De l’autre côté de l’Atlantique, l’Europe est confrontée à une nouvelle réalité concernant ses exportations. Le « rebond chinois » qui avait stimulé l’industrie allemande au cours des années 2000 s’est transformé en une concurrence accrue. Pékin exporte désormais de la déflation, inondant les marchés européens de véhicules électriques, de produits chimiques et d’électronique, ce qui met en difficulté les producteurs locaux, alors même que la demande intérieure ralentit.

Cette dynamique menace l’armature industrielle allemande, rappelant les réformes Hartz qui avaient jadis restructuré le marché du travail. La dépendance européenne à l’égard des matières premières chinoises – des terres rares aux biens intermédiaires – complique la situation, car les décideurs politiques ne peuvent pas se permettre de rompre complètement les liens économiques. L’Europe se retrouve dans une situation paradoxale : dépendante de la Chine pour ses approvisionnements, tout en voyant sa part de marché grignotée par le géant asiatique. Certains parlent d’un « choc chinois 2.0 », une inversion de tendance où le moteur de croissance d’hier devient le destructeur de marges de demain.

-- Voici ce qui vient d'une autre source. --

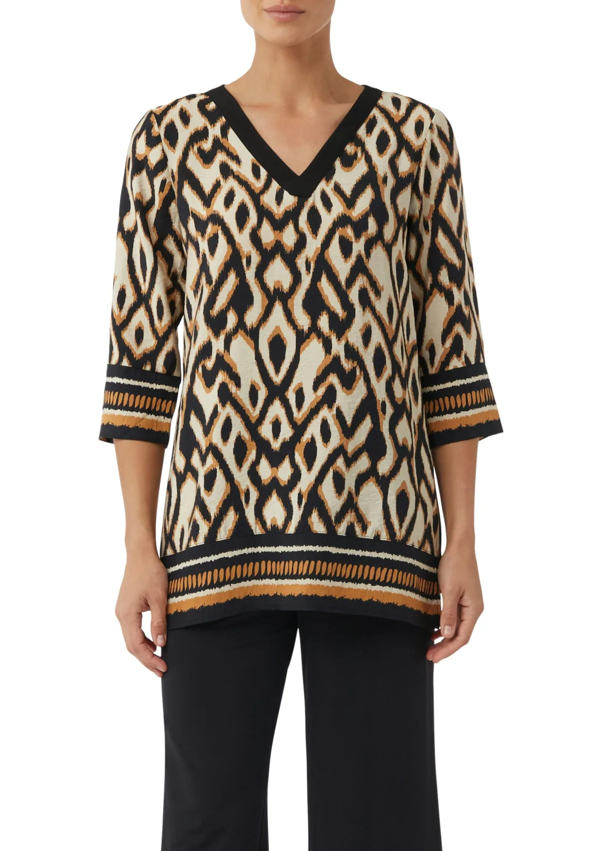 Blouse type: Blouseshirt; Design: Zijdelingse inkepingen; Materiaal: Viscose; Motief: Dierenprint; Kraag: Zonder kraag; Extra's: All-over patroon; Pasvorm: Losse pasvorm; Armlengte: Driekwart mouw; Lengte: Normale lengte

Cette situation est déflationniste, politiquement sensible et stratégiquement délicate. Pour l’euro, elle ajoute une couche de vulnérabilité supplémentaire à un contexte économique déjà incertain. La perspective d’une baisse des taux d’intérêt de la part de la Réserve fédérale américaine (Fed) semble moins liée aux écarts de taux qu’à un doute structurel quant à la santé de l’économie mondiale.

Parallèlement, en coulisses, des tensions se manifestent sur les marchés obligataires. Les rendements du Trésor américain devraient baisser dans un contexte de repli des marchés, mais ils restent obstinément au-dessus de 4 %. L’annonce de remboursement de mercredi devrait être une simple formalité, mais les investisseurs scrutent tout indice suggérant que le Trésor pourrait modifier sa stratégie d’émission pour atténuer les pressions à long terme.

Les marchés des fonds de pension sont également sous tension, bien qu’ils ne soient pas encore en crise. La hausse des taux d’intérêt a réduit les réserves des fonds de pension, car le Trésor reconstitue son solde de trésorerie, drainant ainsi les liquidités du système bancaire. La situation n’est pas encore comparable à celle de 2019, mais des signes de stress réapparaissent. La Fed a préparé ses outils pour intervenir si nécessaire, notamment des achats d’obligations en décembre.

Le paysage des changes est donc marqué par une attitude défensive, non pas par choix, mais par nécessité. Lorsque les valorisations boursières perdent leur élan, les investisseurs ne cherchent pas à prendre des risques, mais à se protéger. Le dollar en profite, non pas parce que l’économie américaine semble solide, mais parce que le reste du monde apparaît plus fragile. L’Europe est confrontée à son deuxième bilan face à la Chine, l’Asie digère les excès de son passé, et les mécanismes financiers continuent de fonctionner, mais avec quelques ratés. Pour l’instant, le dollar représente le dernier refuge sûr dans un monde où le risque recommence à se manifester.